Ошарашенно делаю шаг назад.
— Раньше женщины были от меня без ума, — говорит будто самому себе.
— Лет семьдесят назад!
— Я Глебу отец, а не дед. Так что ты малость перегнула палку. Но я
— Мы вас не ждали, а вы припёрлись. Вот как говорится, — выдаю необдуманно. — Удивительно только, как я раньше звук шагов вашей третьей ноги не услышала! — киваю в сторону трости.
— Зато я услышал, как ты летела вон из клиники. Маленькая, изящная девушка, а топаешь, как стадо бизонов, несущихся к водопою! — саркастически усмехается отец Глеба.
Обменявшись сладкими, как яд, приветствиями с Бекетовым-старшим, мы разглядываем друг друга.
Я — настороженно, он со снисходительным интересом.
— Кажется, тебе было назначено. Там, — кивает подбородком отец Глеба в сторону клиники.
— Назначено.
— Тогда что ты делаешь здесь?
— Воздухом свежим дышу. Не люблю запах антисептиков. Удушье накатывает. Разве неясно?
— Страшно, да? — выдыхает отец Глеба, подавшись вперёд.

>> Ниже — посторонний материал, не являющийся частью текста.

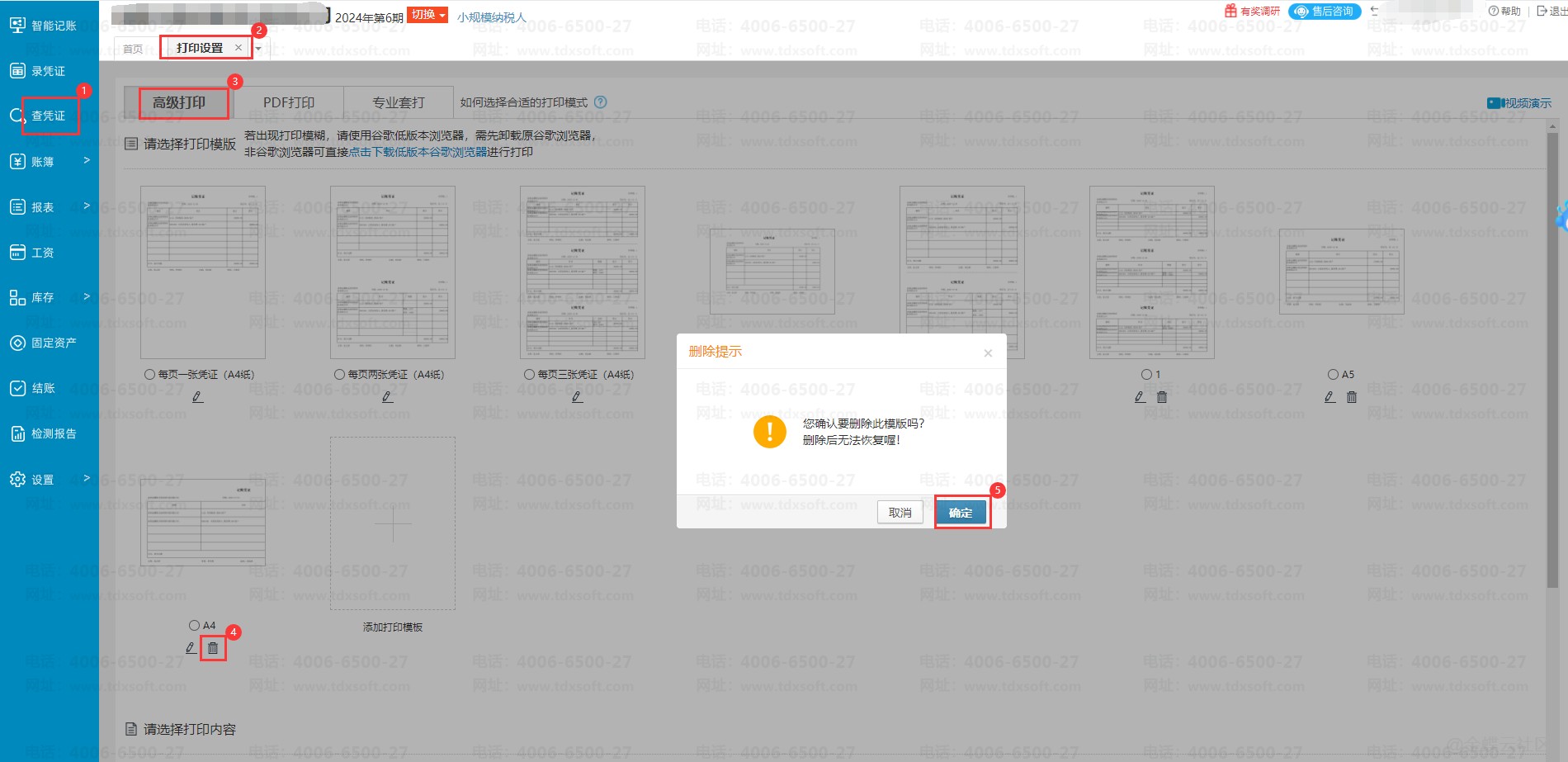 V5.0版本账无忧如何删除高级打印模版

Чересчур резко и быстро он передвигается для старика, у которого одна нога ещё не полностью восстановилась после операции. До меня волной доносится глубокий, древесный аромат мужского парфюма и кофе.
Боюсь до ужаса. Но этому старому пауку ни за что в своих страхах не признаюсь, выдав смело, а на деле сдавленным голосом:
— Ни капельки!
— Я тебя прекрасно понимаю, — фыркает старик. — Сам не люблю больницы. Едва решился на операцию, — хлопает себя по бедру. — Но тяга к жизни сильнее страха.
— Можно подумать, старым стервятникам знакомо чувство страха.
Ситуация с клиникой сама по себе для меня напряжённая. Присутствие отца Бекетова ещё сильнее нагнетает и давит, полностью отключая функцию, которая у нормальных людей называется «держать язык за зубами».
— Опасно злить могущественного и злопамятного старика, — роняет ненароком, чем ещё больше меня злит.
— Какого чёрта вы здесь делаете? Желаете контролировать каждый мой шаг?!
— Каждый шаг своего сына, — поправляет меня Бекетов-старший.
— Послушайте, Яков Матвеевич. Контролируйте сына от меня подальше. Я сейчас не в том настроении, чтобы играть в «будь вежливой с теми, кто стар».
— Я бы с удовольствием, — растягивает отец Бекетова. — И подальше, и не зная тебя совсем. Но что поделать, если ты к моему сыну присосалась…
Я реагирую на последнее слово и краснею от макушки до самых пят. Что, если отец Бекетова видел всё-всё-всё?! Даже то, как я минет Глебу делала? Вдруг за нами следят и фиксируют каждый шаг?!
— Вы…
— Сколько денег тебе надо?! — перебивает меня отец Глеба резким взмахом ладони.
— Что-что?!
Хлопаю ресницами несколько раз.
Неужели для отца Бекетова всё измеряется только в денежном эквиваленте? Не могу поверить! Неужели ему не приходит в голову, что дело в другом!